All three formats use the following format for payload data:

<len_c><data>
...

Each line represents up to 52 bytes of pre-encoded data. There may be an unlimited number of lines. They contain the following fields:

  • len_c is a line length character. This encodes the length of the (pre-encoded) data written on this line. See Line Length Characters below.

  • data is Base85-encoded data for this line.

This format is memory-efficient, allowing data to be progressively written to or read from a DiffX file without needing to keep the entire contents in memory for the Base85-encode/decode steps.

Depending on the binary diff format, additional information may be included. This will be documented below for each binary diff format.

5.1.1.1. Encoding Logic

To encode data:

  1. Prepare the data to encode.

    Data preparation depends on the diff format:

    • For VCDIFFs, generate a VCDIFF of the file contents and then compress it with zlib.

    • For Git Literal binary diffs, read the file data and then compress it with zlib.

    • For Git Delta binary diffs, generate a delta set of instructions for patching the file, and then compress it with zlib.

  2. For each 52-byte chunk of prepared data:

    1. Generate and write a line length character representing the chunk length.

    2. Generate and write Base85-encoded data for the chunk.

5.1.1.2. Decoding Logic

To decode data:

  1. For each line:

    1. Read and decode 1 byte for the line length character.

    2. Read and Base85-decode remaining bytes for the line.

  2. Process decoded data.

    This depends on the diff format:

    • For VCDIFFs, zlib-decompress the data and read as a VCDIFF.

    • For Git Literal binary diffs, zlib-decompress the data and write to the patched binary file.

    • For Git Delta binary diffs, zlib-decompress the data, process the resulting delta instructions, and apply to the patched binary file.

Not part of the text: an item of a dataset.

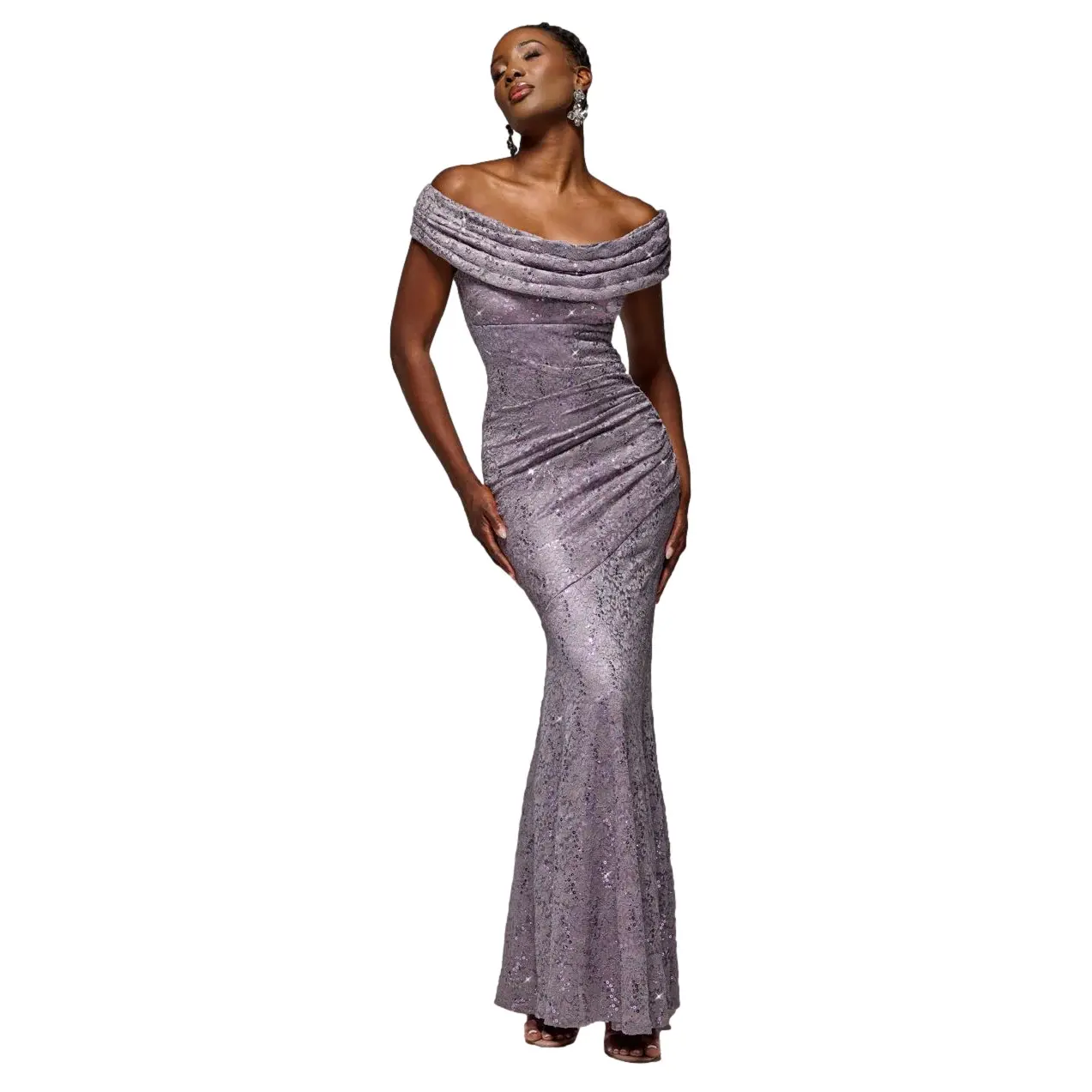 Damesjurk Goddiva Bardot Sequin & Lace High

5.1.2. Line Length Characters

Each encoded line in a binary diff payload is prefixed by a line length character. This encodes the length of the compressed (but not encoded) data for the line.

Line length characters always represent a value between 1 and 52:

  • A value of A-Z represents a number between 1..26.

  • A value of a-z represents a number between 27..52.

5.1.2.1. Encoding Logic

To encode a length to a line length character:

  1. If line_length between 1..26:

    1. Set to ASCII character for line_length + (ASCII value of 'A') - 1

  2. Else if line_length between 27..52:

    1. Set to ASCII character for line_length + (ASCII value of 'a') - 1 - 26

Example in Python

LEN_LOWER = ord('Z') - ord('A')  # 26

assert 1 <= unencoded_line_len <= 52

if unencoded_line_len <= LEN_LOWER:
    len_c = chr(unencoded_line_len + ord('A') - 1)
else:
    len_c = chr(unencoded_line_len + ord('a') - 1 - LEN_LOWER)

5.1.2.2. Decoding Logic

To decode a length from a line length character:

  1. Set length to ASCII value of character.

  2. If length is between 1..26:

    1. Increment length by 1 - (ASCII value of 'A').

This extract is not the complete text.